Statistical analysis of the average specific growth rate data was carried out for the control and all test concentrations using one way analysis of variance incorporating Bartlett's test for homogeneity of variance (Sokal and Rohlf 1981) and Dunnett's multiple comparison procedure for comparing several treatments with a control (Dunnett 1955). There were no statistically significant differences between the control, 1.0 and 3.2 mg/l test concentrations (P~0.05), however all other test concentrations were significantly different (P<0.05) and, therefore the "No Observed Effect Concentration" (NOEC) in terms of inhibition of average specific growth rates calculated from dry weight was 3.2 mg/l.

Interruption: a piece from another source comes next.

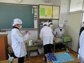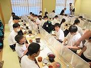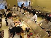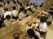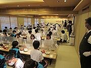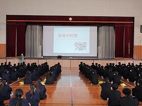 今週の給食週間に合わせて集会をリモートで行いました。作文、ポスター、標語の表彰に加え、テーマメニューの優秀作を各学年から1クラスずつ、そして「給食よく食べたで賞」を各クラス1名ずつ表彰しました。その後で給食委員会の生徒がクイズを交えて給食をより理解できるような、興味をもつような内容のプレゼンをしてくれました。調理員さんへの感謝の言葉を書き、作文・ポスター・標語、そして食事訓の作品を作り、集会を行ったことよって、給食について改めて考える機会になったことでしょう。

Applicant's summary and conclusion

Validity criteria fulfilled:

yes

Conclusions:

The average specific growth rate EC50 for frond number, dry weight was > 100 mg/l and on this basis the test substance is considered to be non-toxic to duckweed (Lemna minor sp.)

Executive summary:

Introduction

The study was performed to assess the effect of the test substance on the growth of the freshwater plant Lemna minor. The method was designed to be compatibile with the following guideline:

Draft OECD Guideline 'Lemna Growth Inhibition Test' (April 2004)

Results & Conclusion

The 7 day average specific growth rate ErC50 based on the frond number was >100mg ai/l and based on the dry weight was >100 mg ai/l. The 7 day yield ErC50 based on the frond number was >100mg ai/l and based on the dry weight was 59 mg ai/l. Therefore it is concluded that the test substance is non-toxic to duckweed (Lemna minor sp.).